I’m testing performance of parameter recovery for different models, and using fairly large datasets (although I’m not sure what size of data is considered large in stan), and running out of memory/RAM when fitting.
More specifically, I am testing a 2 arm bandit model from the hBayesDM package. The model I’m using has a slight customization in that the “tau” parameter has a maximum of 20 instead of 5 as in the linked code.
I’ve simulated 1000 subjects using the same model, and each subject does 1000 bandit trials. Each subject has randomly generated values for the two parameters.
I’m doing this to get a decent coverage of the parameter space, as these kinds of models tend to have difficulties finding a good fit for some parameter ranges.
MCMC is infeasible for this dataset (50 subjects with 1000 trials is around 2h on my laptop), so I’m using the variational method.

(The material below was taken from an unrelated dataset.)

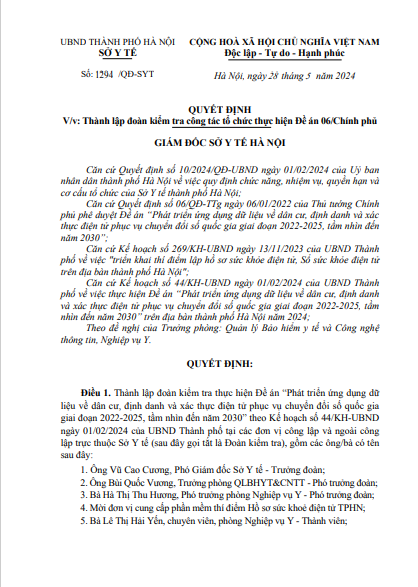 QUYẾT ĐỊNH VỀ VIỆC THÀNH LẬP ĐOÀN KIỂM TRA CÔNG TÁC TỔ CHỨC THỰC HIỆN ĐỀ ÁN 06/CHÍNH PHỦ

The fitting process manages to complete, and I get to where the output says it’s drawing samples from the posterior and then it says “COMPLETE” for that process. This is when memory use increases enormously, resulting in a crash.
I’ve tested the same data/model combination in regular rstan, and in cmdstanpy. Same thing happens, so it seems to be a general issue with stan and not an issue with the specific interfaces. I started in Windows, but have also tried in Linux on the same laptop, using a minimal install of Fedora without a desktop environment to maximise the available memory, but got the same issue there.
As the fitting itself looks like it completes, I guess it could have something to do with how stan collates all the data at the end?
For now, I’ve settled for 500 subjects, and that completes to the end, with RAM use maxing out just below my limit.
Am I doing something wrong? Are there any settings I could change that could alleviate the issue?